# SkillHub Peer Benchmarking Guide

Complete methodology for Phase 2 peer benchmarking in skill-forge.

**When to read**: When entering Phase 2 (after Phase 1 creation + self-validation completes). Read this file in full before starting benchmarking.

---

## Step 5a: Search & Rank

### Primary: SkillHub API

```
URL: https://api.skillhub.cn/api/v1/search?q=<keywords>
Keywords: extract from the created Skill's name + core function
Example: for "interview-insight-miner", search "interview insight analysis"
```

API returns quality metrics: `downloads`, `installs`, `stars`, `score`.

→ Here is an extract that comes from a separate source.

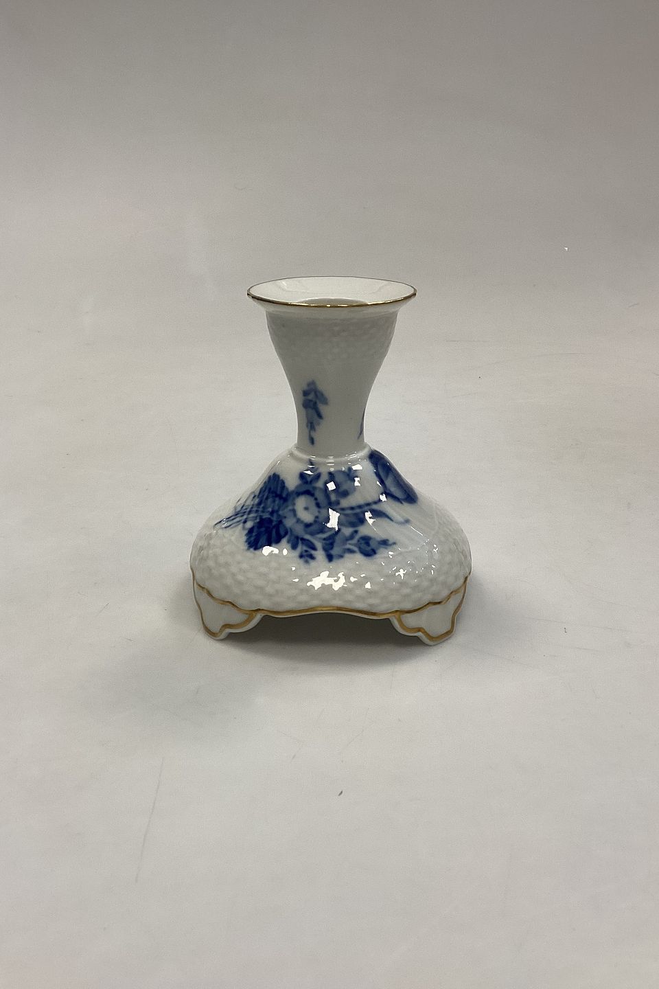 Royal Copenhagen Blå Blomst Svejfet med Guld Lysestage No. 1711. Måler 10,5 cm / 4,13 in.

### Quality Ranking Formula

```
综合评分 = downloads × 0.4 + installs × 0.3 + stars × 0.3
```

| Metric | Weight | Rationale |
|--------|--------|-----------|
| downloads | 0.4 | Most objective — people downloaded because it has real value |
| installs | 0.3 | More precise — actually installed after downloading |
| stars | 0.3 | Community endorsement — but biased by age (older Skills get more stars) |

Sort by score descending, take **Top 3**.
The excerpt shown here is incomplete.